The Maine Community Colleges Board of Trustees updated the COVID-19 safety protocols Aug. 12 to require all students attending classes in person to be vaccinated against COVID-19. That may also be required for staff as well. Conversations with employee bargaining units are underway.

“The safety of our faculty, staff and students has been our top priority throughout the pandemic. The latest information about the delta variant makes it clear we must require vaccinations to keep our community as safe as possible,” MCCS President David Daigler said.

Students must show proof that they have received at least one dose of a vaccine prior to the first day of their in-person classes and proof of the second shot no later than 30 days after the date of their first class. Classes begin at the school Aug. 30.

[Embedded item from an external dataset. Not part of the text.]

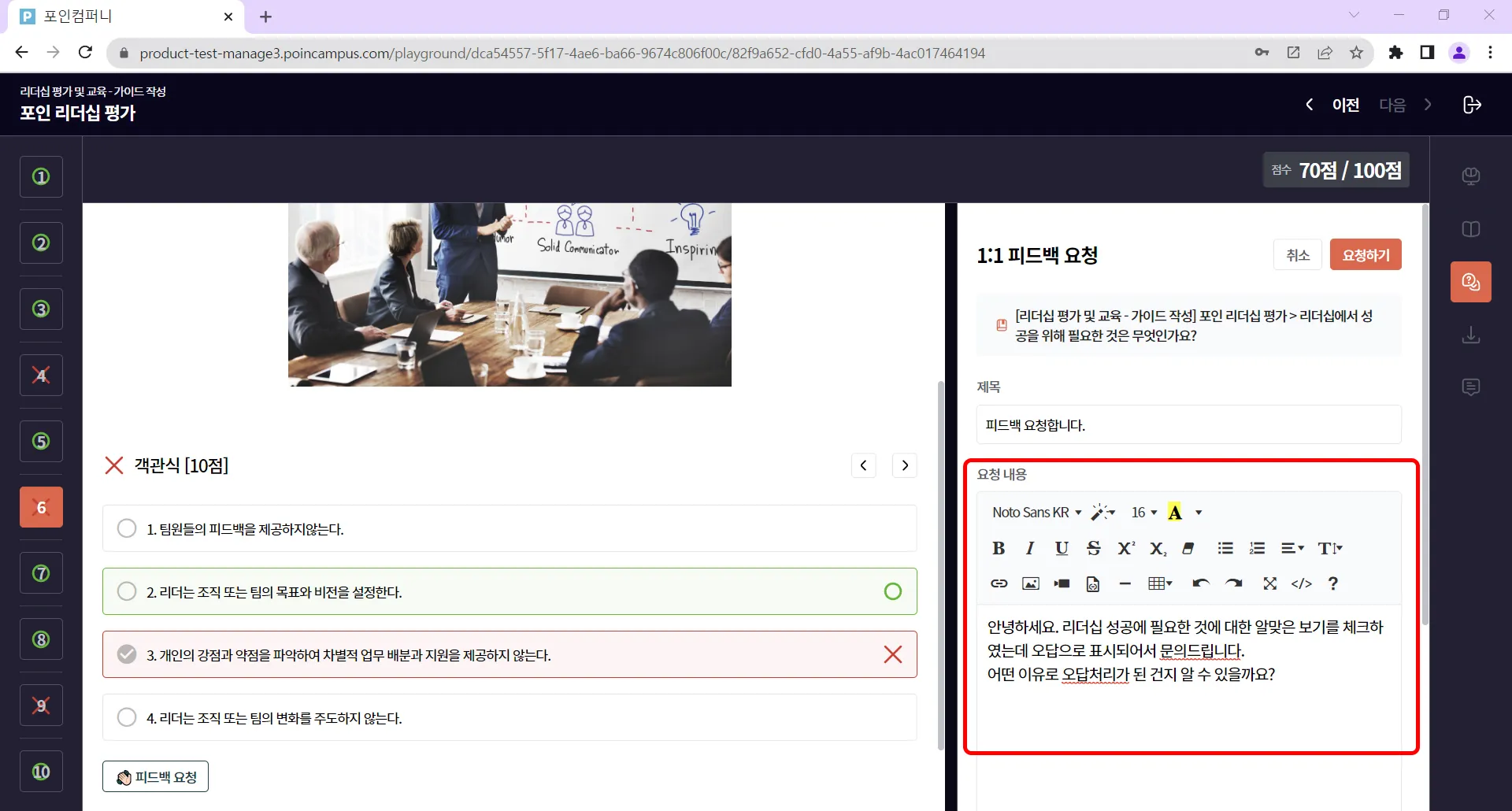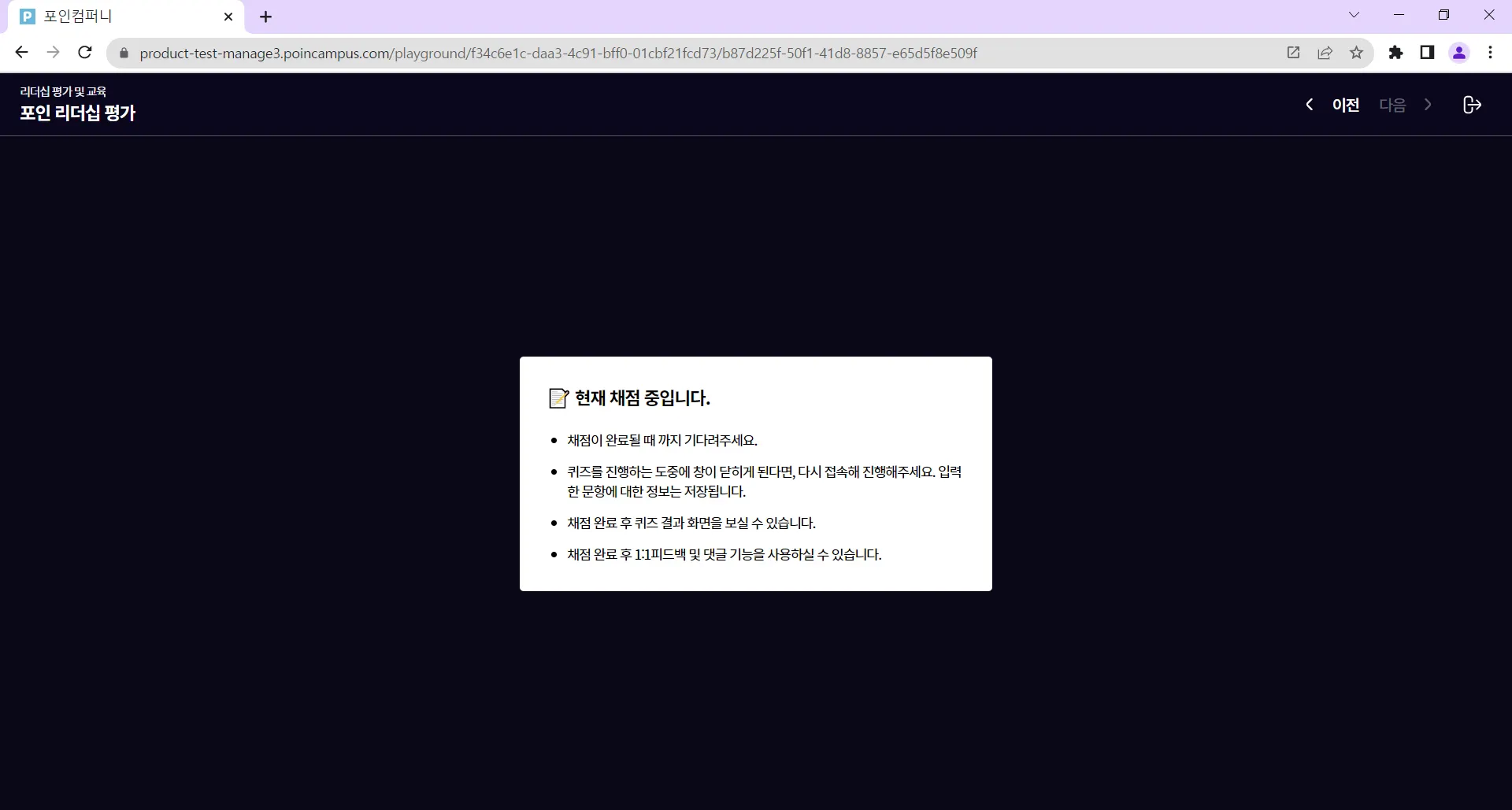 퀴즈 콘텐츠가 수동 채점으로 설정된 경우, 운영자의 채점하기 이후 채점 결과를 확인할 수 있습니다.

Returning students to full in-person instruction, Pardue said, is critical to UNE instruction because  many of the programs focus on “hands-on and experiential learning.”  It is difficult to teach someone in the health sciences or the marine programs, for example, to use equipment or practice technique “without having them in a lab,” she said.

“For many students, having that ability to connect with professors so you can ask for help and being able to connect with other students is something that is very much built into the in-person experience,” Cummings said.

Local university officials are hoping vaccinations will curb the spread of the virus, but Pardue and Cummings said contingency plans are in place in case virus protocols, such as masking, have to be reinstated.

On Aug. 5, the Centers for Disease Control listed Cumberland County as a place of substantial community spread of COVID and city officials in Portland are recommending individuals wear masks inside again even if they are vaccinated.

“If 2020 taught us anything, it it is think about the unexpected because it might just happen,” Pardue said.